Can Defoe Defy The Years And Make The World Cup?

Last updated : 11 July 2017 By Three Lions

Aged 23 in 2006, the then Tottenham Hotspur striker travelled out to Germany with the 2006 squad as a standby player while the nation waited with bated breath on the fitness of Wayne Rooney.

Scans on Rooney’s injured foot showed enough of an improvement to convince Sven-Goran Eriksson of his readiness for the tournament and that meant a lonely journey home for Defoe as he turned down the offer to remain with the camp.

Speaking in the days after his return he was quoted as saying:  "I have never felt fitter and sharper than I was in training and believe I could have scored goals in the tournament.

"It's a strange decision and everybody I speak to thinks so as well."

Fabio Capello had no doubts in 2010 and after sitting on the bench for the opener against the USA and coming on for sixteen minutes against Algeria it was Defoe who spared England the scenario of a group stage exit when he was named in the starting XI for the crucial clash against Slovenia and responded by scoring the only goal of the game.
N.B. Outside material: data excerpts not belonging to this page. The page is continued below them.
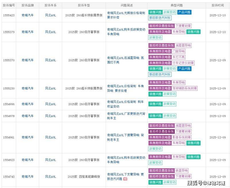 据第三方汽车投诉平台显示,奇瑞风云A9L近期被大量车主集中投诉,核心诉求围绕销售政策变动、底盘异响等问题展开。有投诉车主透露,新车提车不足3个月,便接连出现下摆臂异响、蓝牙钥匙断联、车机花屏等故障,此外不同地区经销商提车礼品差距悬殊,更让车主难以接受的是厂家短期内的权益和价格调整。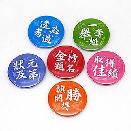 考試季、升學季必備的 激勵語錄胸章,以亮眼的馬卡龍色系搭配手寫字體設計,每一款都象徵祝福與好運。從「金榜題名」、「狀元及第」到「必定考過」、「旗開得勝」,讓努力中的學生多一份鼓勵,也讓送禮的人傳遞真心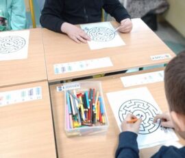 18.02.2026 r. uczniowie Specjalnego Ośrodka Szkolno-Wychowawczego im. M. Konopnickiej w Kluczborku wzięły udział w zajęciach czytelniczych pt. „Czytanie na dywanie”. Na samym początku dzieci wsłuchały się w teatrzyk Kamishibai pt. „Cztery pory roku” autorstwa Beaty Gabrat. A następnie przystąpiły do rozwiązywania kart pracy związanych z obecnie panującą porą roku, czyli zimą.

Another start came against Germany in the first knockout round but it was a night to forget for the team as a whole.

A move to MLS side Toronto in early 2014 was seen by some as signalling the winding down of Defoe’s career but it wasn’t a case of ‘out of sight, out of mind’ for Roy Hodgson who named him in his squad for the friendly against Denmark in March of that year.
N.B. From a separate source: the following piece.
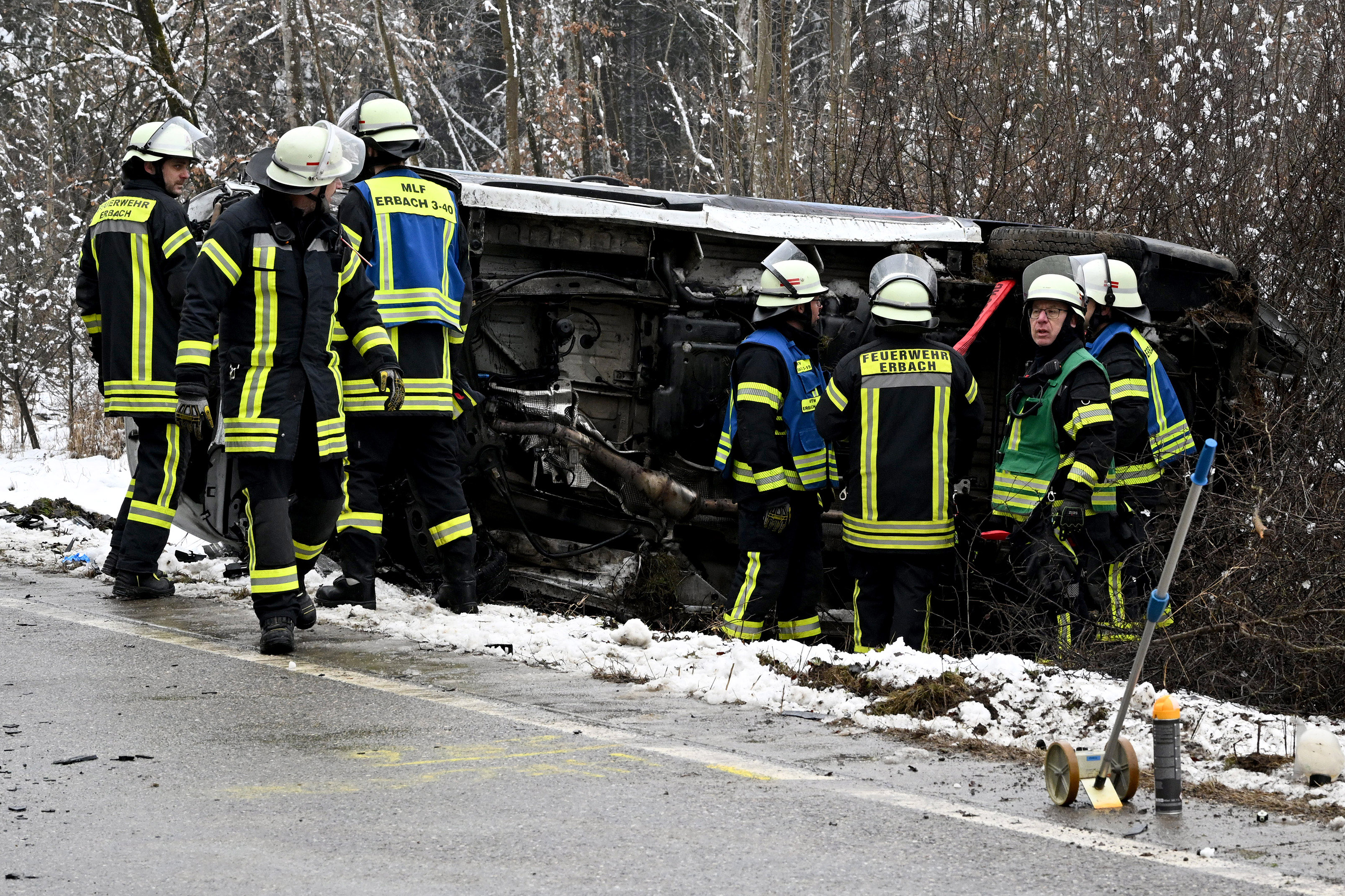 Die beiden Fahrer sowie der Beifahrer im Kleintransporter kamen mit schweren Verletzungen in Kliniken.

When the final cut was made, however, Defoe was named as a standby player for the second time in his career, telling BBC Radio 5 Live he was ‘devasted’ by the news.
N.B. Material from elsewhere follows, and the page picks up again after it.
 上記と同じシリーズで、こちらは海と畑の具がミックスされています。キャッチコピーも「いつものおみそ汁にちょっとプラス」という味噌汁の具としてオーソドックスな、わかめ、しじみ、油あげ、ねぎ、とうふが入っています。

"It's hard to find words to describe the feeling," he said and that, you might have thought, could have been that for the player’s international career until his recall in March, aged 34, and his goal against Lithuania at Wembley.

A further place in the squad for the games against Scotland and France followed and now, with Defoe set to spearhead a potentially exciting Bournemouth side in 2017/18 there is the tantalising prospect of a second World Cup, twelve years after that disappointment in Germany.